Ketchup was replaced by Walrus Oyster and Ale House, a project which Bob Kinkead is nominally associated with - his other project was Ancora (do you even know what Ancora is called now? Have a click to find out) - Bob was a great, immensely respected chef, and is legitimately affiliated with Star Restaurant Group; I'm simply advising folks to take his role here with a coarse grain of sea salt.

 

Here are some publications that reported on the marketing of Bob Kinkead as "Culinary Director" (a "Culinary Director" is someone who "consults" on the menu, but isn't actually in the kitchen - someone like José Andrés.

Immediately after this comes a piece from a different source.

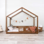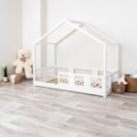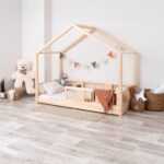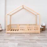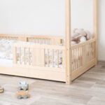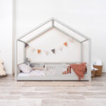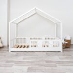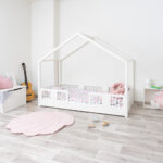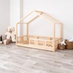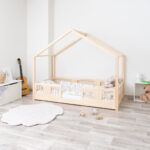 ASTRIA mini ist ein bezauberndes Einzelbett in Hausform, das Funktionalität, Sicherheit und zeitlose Ästhetik vereint. Direkt auf dem Boden platziert, schafft es einen sicheren Raum, der ideal als erstes Bett für ein Kind geeignet ist. Dank des niedrigen Profils kann das Kleinkind selbstständig ins Bett steigen und wieder herausklettern, was seine Entwicklung und Unabhängigkeit von klein auf unterstützt.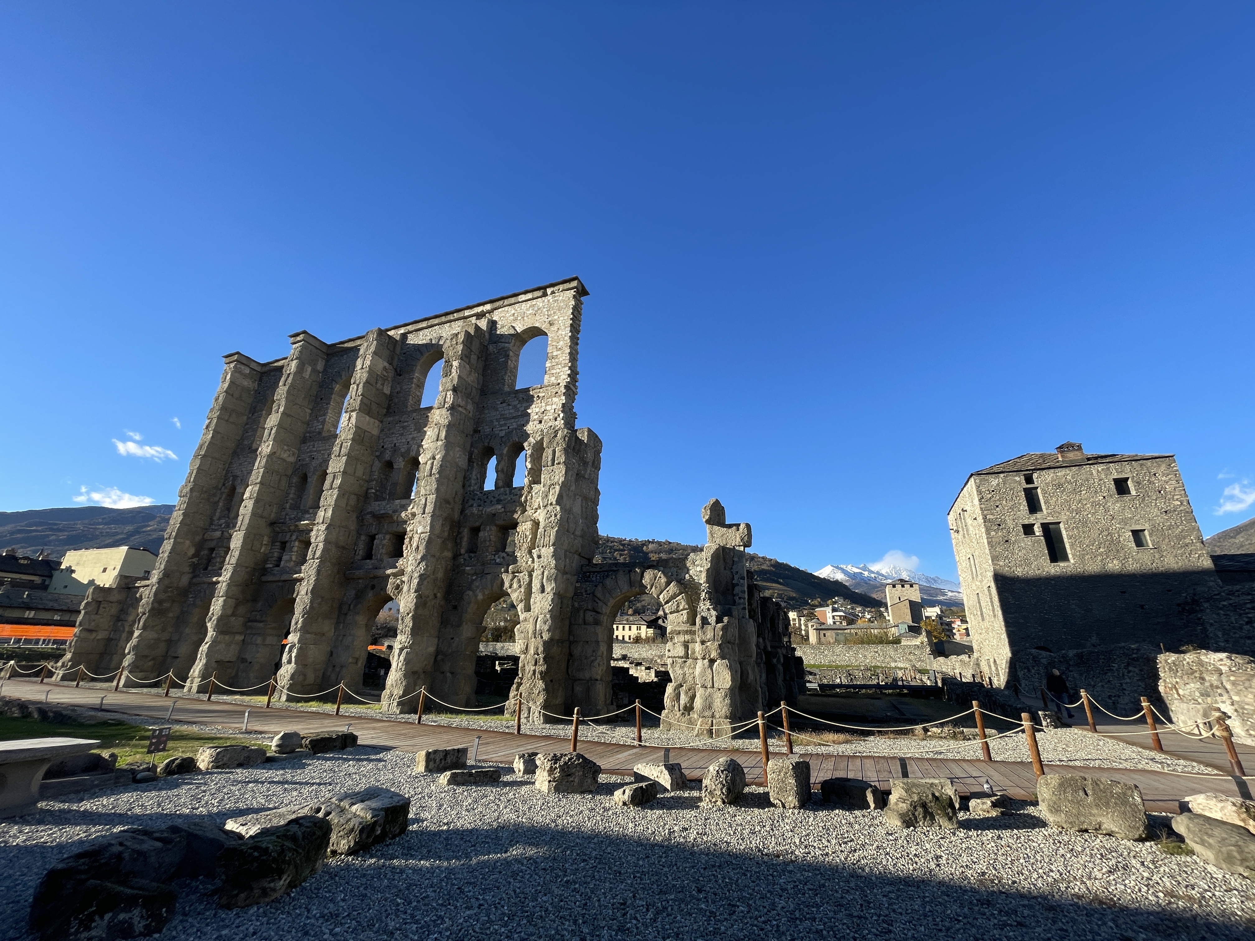 Aosta, assim como muitas cidades italianas, já foi uma colônia romana e ainda preserva muitos coisas dos tempos romanos, como o incrível Foro Romano e as Ruínas da Cidade.

I guess this makes me "Culinary Director" of about a dozen well-known restaurants in this town):

 

Sep 10, 2014: "Natural Meets Nautical at the Walrus Oyster & Alehouse" by Missy Frederick on dc.eater.com

Sep 16, 2014: "First Look: The Walrus Oyster and Ale House" by Rita Rapuano on zagat.com

Sep 17, 2014: "Inside The Walrus & Oyster [sic] Ale House (Menus)" by Anna Spiegel on washingtonian.com

Sep 17, 2014: "The Walrus Oyster & Ale House Now Open In National Harbor" by Jessica Sidman on washingtoncitypaper.com

Oct 29, 2014: "Pop's Seabar and Walrus & Oyster [sic] Ale House: 2 joints where seafood rules" by Tom Sietsema on washingtonpost.com

Of note: Not one person that I'm aware of picked up on the error in the name, either in the Washingtonian's preview or the Washington Post's review - the erroneous name is not only in the title, but is perpetuated throughout the body of both articles. It's a *very* easy mistake to make, and when I stare at the names, I find myself having to do double-takes, even knowing that the mistake is there.